Abstract
Objective. To assess the independent association of insurance and patient income with total shoulder arthroplasty (TSA) outcomes.
Methods. We used the 1998–2014 US National Inpatient Sample. We used multivariable-adjusted logistic regression to examine whether insurance type and the patient’s median household income (based on postal code) were independently associated with healthcare use (discharge destination, hospital stay duration, total hospital charges) and in-hospital complications post-TSA based on the diagnostic codes (fracture, infection, transfusion, or revision surgery).
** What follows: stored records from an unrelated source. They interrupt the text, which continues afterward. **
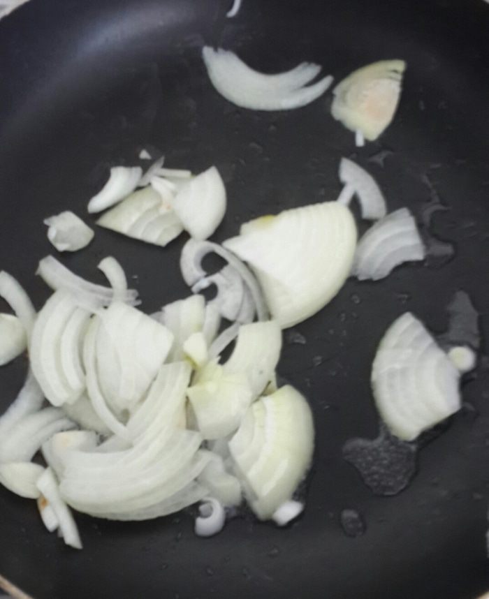Тем временем.... режем лук полукольцами и еще пополам и обжариваем на растительном масле.
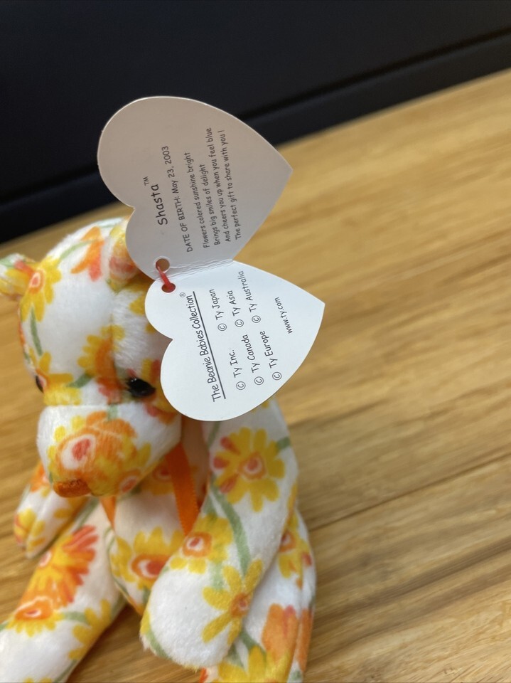 Ty Beanie Babies Shasta the Bear Plush 2003 Flowers Floral KG JD
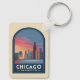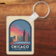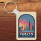Vintage Travel Chicago Sunset Skyline Cityscape Key Ring
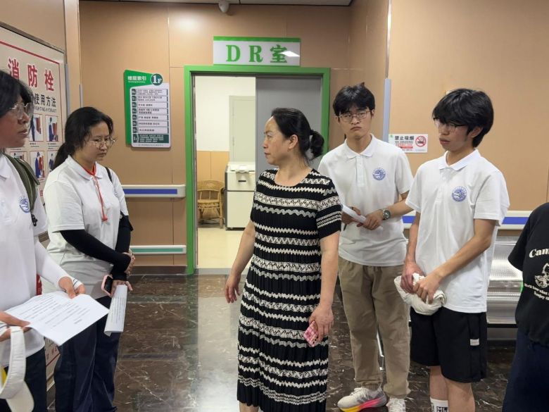 7月7日,实践团带着满腔热枕抵达绍庆街道,第一时间与社区负责人展开座谈。双方围绕当地居民健康需求、常见突发状况等议题深入交流,为后续精准开展活动奠定基础。随后,在指导老师喻梦雪的带领下,实践团走进绍庆医院开展实地调研。通过医院相关人员的讲解,同学们深入了解到了该医院的主要科室分类以及一些医疗设备的主治功能。医院负责人热情接待并全程陪同讲解,从急诊急救中心的绿色通道流程,到内科、外科等重点科室的诊疗特色;从全自动生化分析仪的精准检测原理,到心肺复苏模拟训练系统的操作规范,同学们认真记录每一项信息,不时就基层医疗设备的实际应用场景提问。当看到医院专门为老年患者设置的无障碍诊疗通道,以及针对苗族儿童的特色预防接种服务时,实践团成员深刻感受到基层医疗机构在守护民生健康中的温情担当。

We calculated the OR and 95% CI.
Results. Among the 349,046 projected TSA hospitalizations, the mean age was 68.6 years, 54% were female, and 73% white. Compared to private insurance, Medicaid and Medicare (government insurance) users were associated with significantly higher adjusted OR (95% CI) of (1) discharge to a rehabilitation facility, 2.16 (1.72–2.70) and 2.27 (2.04–2.52); (2) hospital stay > 2 days, 1.65 (1.45–1.87) and 1.60 (1.52–1.69); and (3) transfusion, 1.35 (1.05–1.75) and 1.39 (1.24–1.56), respectively. Medicaid was associated with a higher risk of fracture [1.74 (1.07–2.84)] and Medicare user with a higher risk of infection [2.63 (1.24–5.57)]; neither were associated with revision. Compared to the highest income quartile, the lowest income quartile was significantly associated with (OR, 95% CI): (1) discharge to a rehabilitation facility (0.89, 0.83–0.96); (2) hospital stay > 2 days (0.84, 0.80–0.89); (3) hospital charges above the median (1.19, 1.14–1.25); (4) transfusion (0.73, 0.66–0.81); and (5) revision (0.49, 0.30–0.80), but not infection or fracture.
Conclusion. This information can help to risk-stratify patients post-TSA. Future assessments of modifiable mediators of these complications are needed.
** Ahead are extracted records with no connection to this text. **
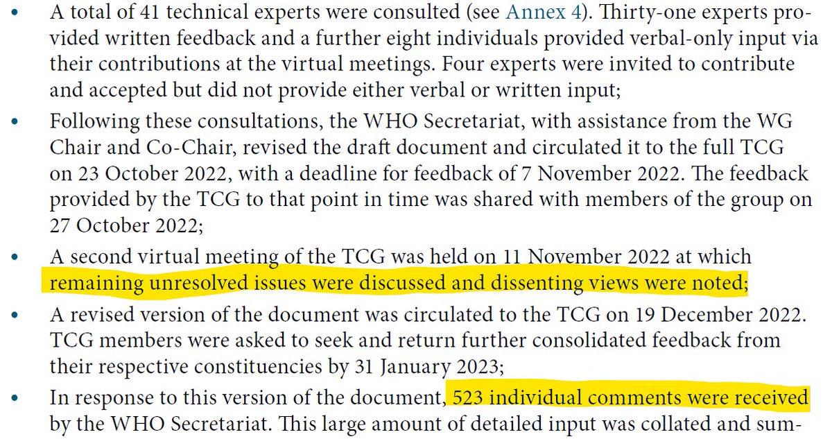 2) When the consultation was started under Dr. Swaminathan, there was a process for selecting TCG members. I and others would argue the whole thing was unnecessary, WHO (including Dr. Kerkhove) just needed to admit their mistakes, but at least it wasn't all just backroom deals.
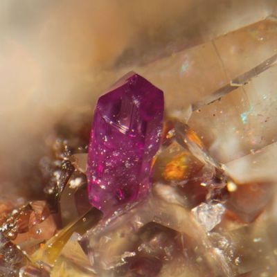 Кеммерерит/клинохлор. Синонимы: родохром или хромовый хлорит. Фиолетовый или красный минерал из группы хлоритов. Химическая формула: (Mg,Fe)5Al[AlSi3O10](OH)8.
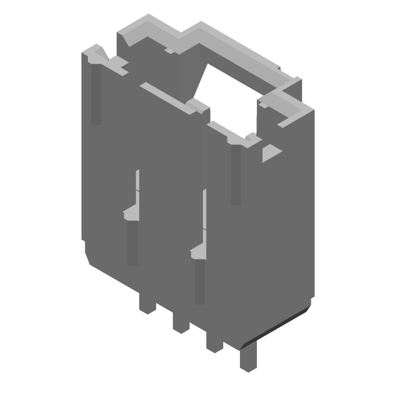 USB 2.0 Type A Receptacle, 4 Pos, 2.5mm Pitch, RA Thru-Hole
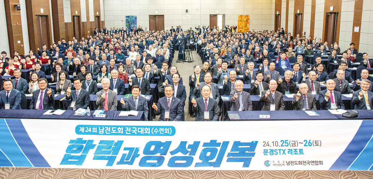 남전도회전국연합회(회장 조남재 장로) 제24회 전국대회(수련회)가 ‘합력과 영성회복’이라는 주제로 지난 10월 25~26일 문경STX리조트에서 열렸다. 이틀간 청명한 날씨 속에 전국에서 600여 명의 회원이 자리를 가득 메우며 성황을 이루었다.

Total shoulder arthroplasty (TSA) is a common surgery being used with increasing rates1. TSA is associated with significant improvements in function and quality of life, and reductions in pain2,3. The overall use of TSA increased from 2.96/100,000 in 1998 to 12.68/100,000 in 20104; the number of hospital admissions for TSA in the United States increased from 8041 in 1998 to 39,072 in 20105. With an increasing rate of use, it is important to understand important factors that affect the outcomes of TSA.
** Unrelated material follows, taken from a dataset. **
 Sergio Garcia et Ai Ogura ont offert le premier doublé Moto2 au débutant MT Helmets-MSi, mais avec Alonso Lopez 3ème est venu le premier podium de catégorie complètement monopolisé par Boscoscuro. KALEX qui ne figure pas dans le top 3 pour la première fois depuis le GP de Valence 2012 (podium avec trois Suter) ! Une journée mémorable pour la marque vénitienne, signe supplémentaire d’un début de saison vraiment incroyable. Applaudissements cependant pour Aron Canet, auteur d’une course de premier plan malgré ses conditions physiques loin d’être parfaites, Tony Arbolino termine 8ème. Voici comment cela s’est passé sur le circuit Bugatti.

Low socioeconomic status and Medicaid insurance status were associated with risk-adjusted poor outcomes in a variety of medical and surgical conditions6,7,8,9. Medicaid is one of the largest public health insurance programs for low-income and disabled Americans. Medicaid now provides coverage for 72.5 million people10. Medicare is a health insurance program for the elderly. The complex interplay of low income, access to healthcare, health literacy, and patient-physician communication likely contributes to these associations, especially in the disadvantaged populations. Limited data are available regarding the effect of payer status or household income in patients undergoing total joint arthroplasty.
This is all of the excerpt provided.